# [WHAT YOU SHOULD DO]
Transcribe exactly the lines below that begin at the line with "Rendered images in" and stop after the line with "A SMALL STERLING", leaving out every picture.

# [RECORDS SUPPLIED]
########################################

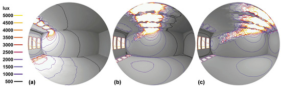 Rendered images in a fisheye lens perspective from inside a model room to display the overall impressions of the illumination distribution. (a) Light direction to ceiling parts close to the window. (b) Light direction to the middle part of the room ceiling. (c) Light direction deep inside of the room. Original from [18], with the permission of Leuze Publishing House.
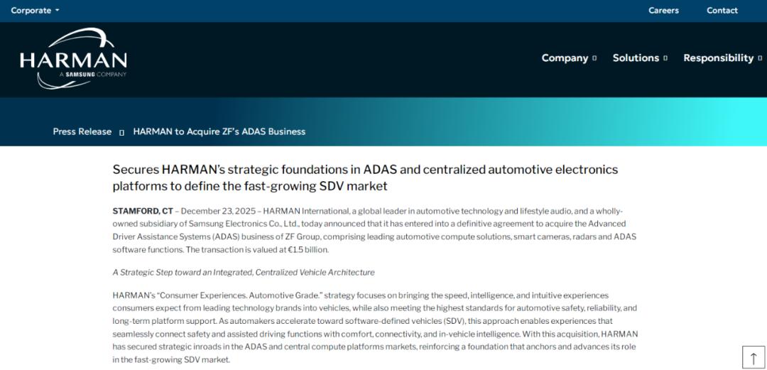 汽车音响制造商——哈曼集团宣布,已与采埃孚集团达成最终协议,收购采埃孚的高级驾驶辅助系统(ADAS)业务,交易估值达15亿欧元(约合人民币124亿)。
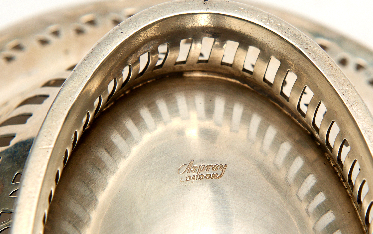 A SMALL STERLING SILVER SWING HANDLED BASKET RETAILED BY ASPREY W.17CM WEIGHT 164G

########################################

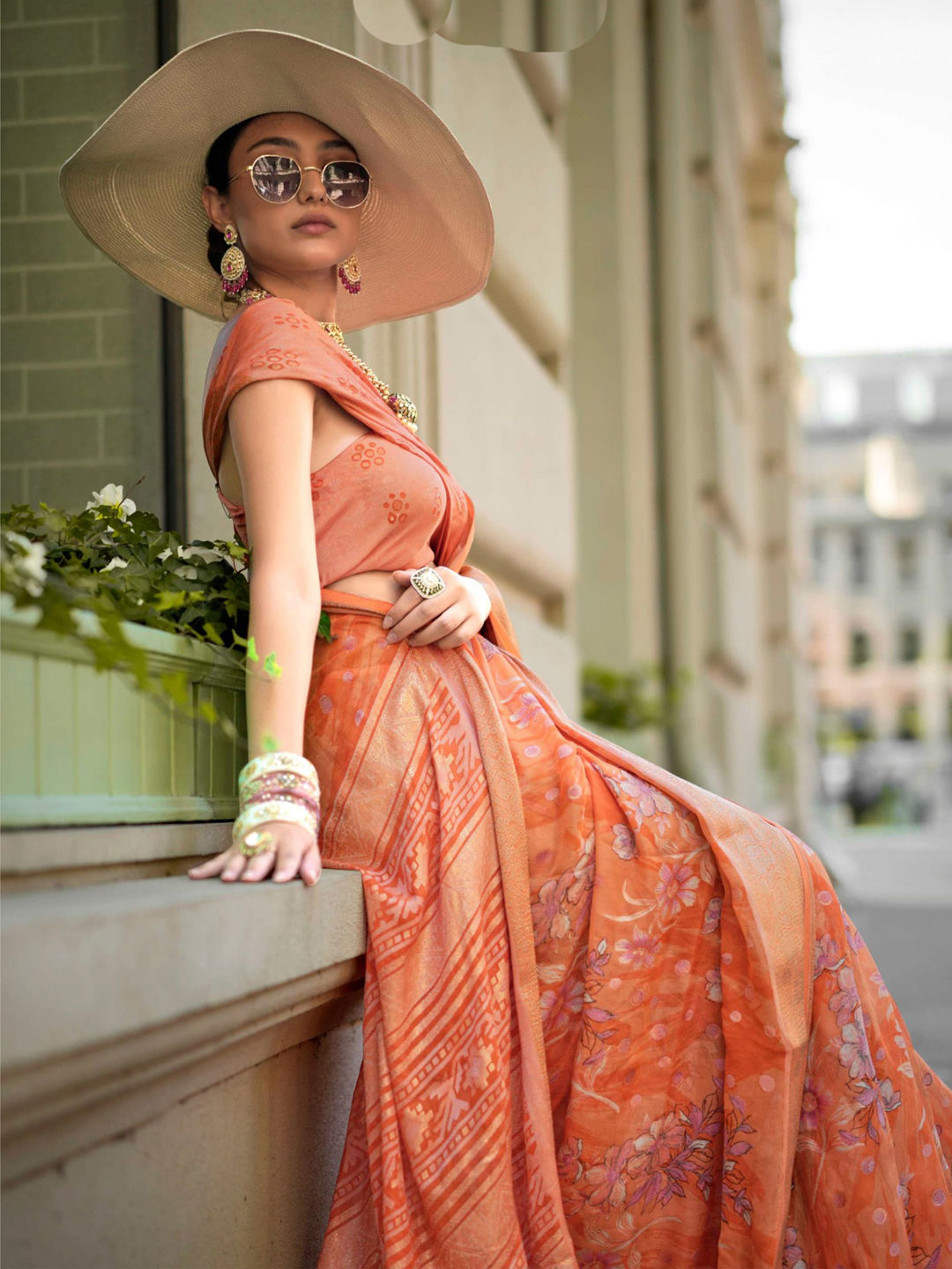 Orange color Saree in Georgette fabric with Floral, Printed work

########################################

# [ANSWER BOX]
 Rendered images in a fisheye lens perspective from inside a model room to display the overall impressions of the illumination distribution. (a) Light direction to ceiling parts close to the window. (b) Light direction to the middle part of the room ceiling. (c) Light direction deep inside of the room. Original from [18], with the permission of Leuze Publishing House.
 汽车音响制造商——哈曼集团宣布,已与采埃孚集团达成最终协议,收购采埃孚的高级驾驶辅助系统(ADAS)业务,交易估值达15亿欧元(约合人民币124亿)。
 A SMALL STERLING SILVER SWING HANDLED BASKET RETAILED BY ASPREY W.17CM WEIGHT 164G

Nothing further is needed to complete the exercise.